In our series, although the WCC was similar between patients with positive and negative microbiology, the CRP was significantly higher in the group with a positive microbiology, possibly indicating that this group might have had a more severe disease on admission. The role of WCC count and CRP for predicting disease course and clinical outcomes in patients with pneumonia is controversial. However, other authors have confirmed our findings that in children with pneumonia, CRP measured within 24 hours of hospital admission was associated with prolonged LOS and duration of fever, whereas WCC was not independently associated with either outcome. ¹⁸ It will be important to investigate these findings in future prospective studies.

Although we could effectively confirm that once patients were admitted to hospital they were commenced on intravenous antibiotics, due to the retrospective nature of the study, we were not able to collect data regarding the duration of preoperative oral antibiotic therapy. This could also affect the severity of the disease, the presence of positive microbiology, and, therefore, the LOS.

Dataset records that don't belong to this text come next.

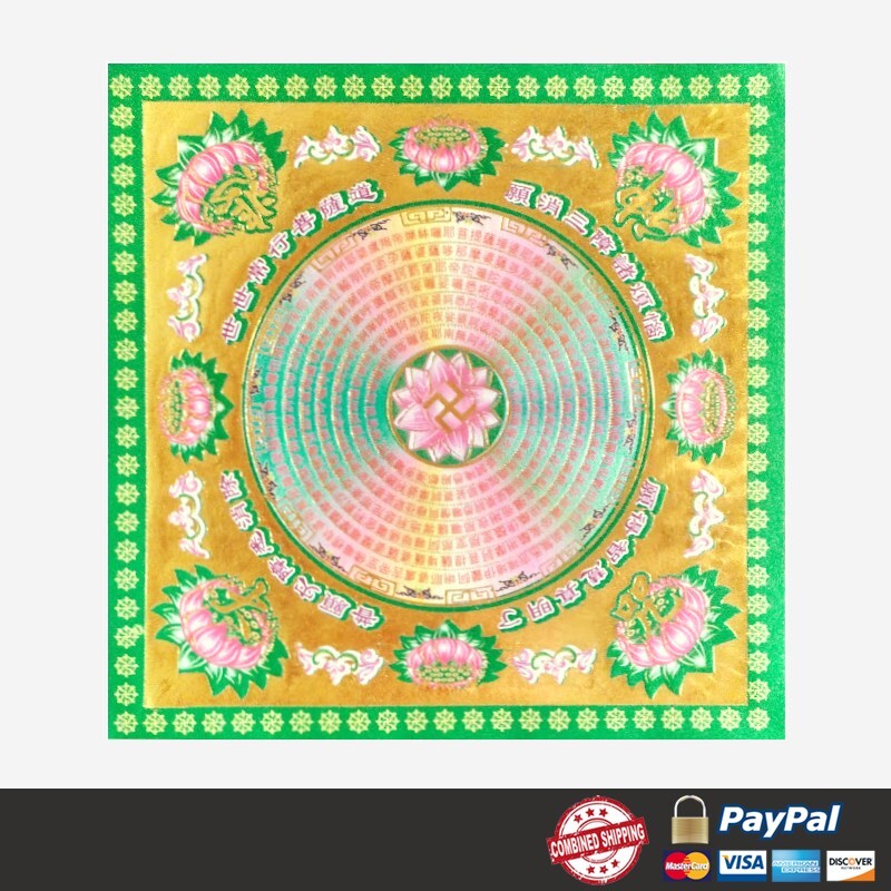 Incense paper differs slightly from joss paper, though serves the same purpose. Incense paper is a yellow coloured paper with a gold foil printed on it representing a gold tael or with a silver foil representing a silver tael. (A tael is a weight measurement similar to the Thai baht, part of the Chinese system of weights and the currency). Color/Style: Pink-Gold Lotus Condition: Brand New in Package Material: Rice Paper Size: 7.5 inch x 7.5 inch Weight: +-260g for 80pcs
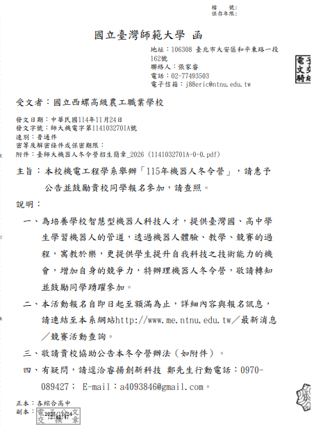 【轉知】國立臺灣師範大學機電工程學系舉辦「115年機器人冬令營」招生簡章-3下載 瀏覽次數: 9Post author:hlvs302aPost published:2025-11-28Post category:學生訊息Read more articles上一篇文章【轉知】法務部自114年11月11日起至12月10日止舉辦「114年人權影展月」活動下一篇文章【轉知】東吳大學舉辦2026年寒假高中生研習營相關內容(轉知)社團法人生命勵樂活輔健會辦理之2022教育新騎跡─「全適能 大自然療育」研習營【健康促進 VS 環境保育】活動簡章2022-07-04【轉知】高中職2026第十三屆航令營「Wingardium AIRviosa」2025-10-20
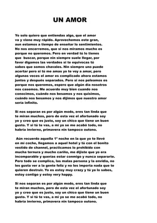 Este poema expresa los sentimientos de amor de un hombre por una mujer. Describe cómo su amor es a veces complicado pero infinito, y cómo recuerda con cariño los momentos especiales que han compartido juntos. Teme que fuerzas externas como la envidia de otros puedan separarlos, pero promete que siempre la amará.
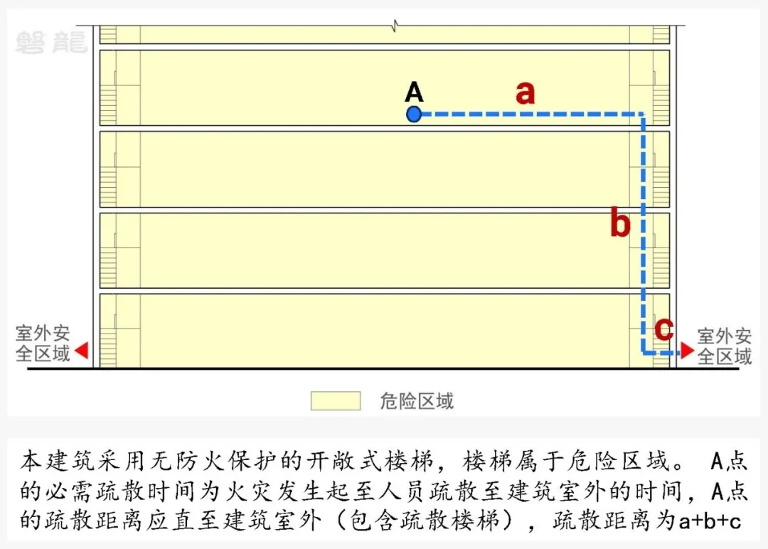 示例:在【圖示3】建筑中,采用無防火保護的開敞式樓梯,樓梯屬于危險區(qū)域,需要以建筑室外作為疏散時間的控制目標。必需疏散時間為火災發(fā)生起至人員疏散至建筑室外的時間,包括豎向疏散樓梯的疏散時間。室內(nèi)任意一點的疏散距離計算,均應延伸至建筑室外,本圖示中,A點的疏散距離為a+b+c。該建筑大部分區(qū)域的必需疏散時間均大于可用疏散時間,人員安全無法保證。

Our data show that younger patients are more likely to require surgical intervention. This finding is not surprising considering the worldwide significant increase in hospital admissions for complicated pneumonia and empyema in children <4–5 years after the introduction of the PCV7. ⁶ However, we did not identify age a significant factor affecting the LOS.

In conclusion, in our experience, 92% of children with empyema requiring surgical intervention will be treated with a single VATS with an average LOS of 8 days.

We identified positive microbiology affecting the LOS. Patients with S. pneumoniae have a shorter LOS compared with other species. This information should be used to counseling families regarding the postoperative course of children with complicated empyema.